The sad news has been received of the death just before Christmas, at the early age of 53, of Alison Richards, erstwhile resident of Dorchester.

Alison had a long and distinguished career. Originally with Habitat, she was appointed chief UK buying director when she was 29. Later in 1989 she left to found the homeowners’ chain The Pier and used her position to raise funds for UNICEF, the worldwide children’s charity, with contributions of over £1m.

Just a few days before Alison died she became aware that she had been appointed OBE in recognition of her outstanding work on behalf of UNICEF. Sadly she did not live to receive her honour from Her Majesty the Queen.

Alison had lived at 36 High Street, and her many friends remember her warm personality, her optimism and her infectious energy.

Richard Hotopf

Edith Beatrice May Brown
1919 – 2007

I believe that if Edie was here today her lovely warm smile would be evident, and she would be touched, and modestly surprised, by the demonstrated respect and affection for her. No doubt she would exclaim her favourite “Oh, I say!”, but we all know that she would also want “no fuss” and would want to reassure us that all will be well – “don’t worry, my duck”.

To me she was Auntie Edie, a charming and affectionate constant in all my formative years. For John, Susie and Philip she was a devoted and loving mother. To Sue, Jim and Maria she was a kind and supportive mother-in-law. To Tim, Melanie, Kimberley, Becky, Graham, Martin and Lucy she was a warm and caring grandmother. We all have our memories, our warm thoughts of Edie, our comforting treasured remembrances.
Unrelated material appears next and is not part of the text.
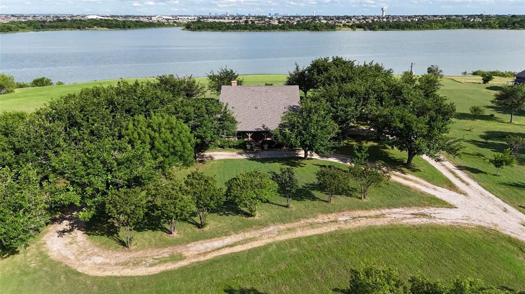 Experience breathtaking views of Lake Lewisville from this secluded 2.48-acre estate, minutes from the Dallas North Tollway, PGA Headquarters and the planned Universal Theme Park in Frisco! This 5-bed, 4-bath home features an open floor plan with bay windows and an upper-level guest suite highlighting the panoramic views of natural beauty. The manicured lawn with ample shade trees provides the perfect setting for relaxed lakeside living, boating, fishing and outdoor gatherings. This enchanting location is your perfect oasis, blending the tranquility of country life with city convenience!
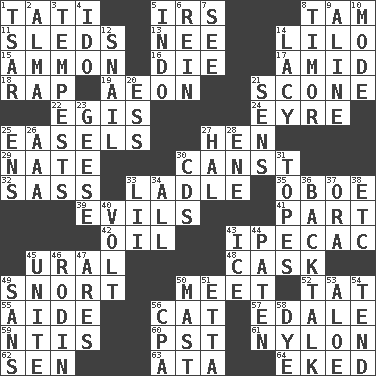 ACROSS 1. Jacques of French films 5. Big collection agency 8. Scottish cap 11. Bobsleighs 13. Born 14. _ and Stitch 15. ID or VA city 16. Expire 17. Among 18. Reproach for some lapse or misdeed 19. A really long time 21. Biscuitlike quick bread 22. The front part of a cuirass 24. Jane of fiction 25. Artist's stands 27. Layer 29. Nathan's nickname 30. 2nd pers. sing. pres. of can (arch.) 32. Backtalk 33. Dipping utensil 35. Mitch Miller's instrument 39. Vices 41. Role in a play 42. Lubricate 43. Medicinal drug used to evoke vomiting 45. Mountain range 48. Keg 49. Derisive sound 50. Rendezvous 52. Make lace 55. Helper 56. Feline 57. Peak District village in England 59. Nuclear Threat Initiatives 60. Pacific Standard Time (abbr.) 61. Thermoplastic polyamide 62. Elected rep. 63. "One Day ___ Time" 64. Supplemented with great effort DOWN 1. Russian ruler of old 2. _ mater 3. Storms 4. Wedding promise 5. _ china 6. It's straight from the horse's mouth 7. Perceive with the eye 8. Southeast Indonesia island 9. Place in a line 10. Method 12. Slow-paced one 14. Made of lace 20. Curvy letter 21. Elected reps. 23. Honkers 25. Followers of ems 26. American Automobile Association (abbr.) 27. Actor Linden 28. Compass dir. 30. Music discs 31. Drinks excessively 33. Cards in a Roman deck? 34. 100% 36. Sass 37. Mouth or opening 38. And so on (abbr.) 40. Electrical Unit 43. Frozen water 44. Eucharist need 45. Join together 46. "The Thinker" sculptor 47. Ancient Greek god of war 49. Without 50. Vertical spar for supporting sails 51. Singer James 53. _ vera 54. Be inclined (to) 56. Numbers guy (abbr.) 58. Color

Edie was born, only child of John and Rose Nethercote, in one of the thatched houses between the George and the Fleur de Lys (it is now called Little Pilgrims): one up, one down – outside toilet. Her father was a farm worker, and they met when she came from London to work in service for the Miss Hankeys, who lived in the house next to the Lych Gate. My auntie Anne tells me that Edie was her best pal at school – they sat together, spent weekends in each other’s homes, joined the Guides together, went to Girls’ Friendly Society meetings in the Guest House. Anne describes an Edie from those days who is recognizable to us all: “shy and modest – absolutely lovely – a gentle person”. Anne and Edie were confirmed together at Christ Church – “she was very keen on church”. Here, too, I learned of the beginnings of Edie’s enthusiasm for knitting. When the new headmaster’s wife was pregnant, she was among those chosen to knit the baby’s layette, and they all spent happy weekends knitting like mad! Here also are the first signs of Edie’s legendary industriousness. Think of Edie out and about in the village, and you think of her cycling vigorously to a cleaning job or the shops. ‘Always time for a cheery wave and that lovely smile.’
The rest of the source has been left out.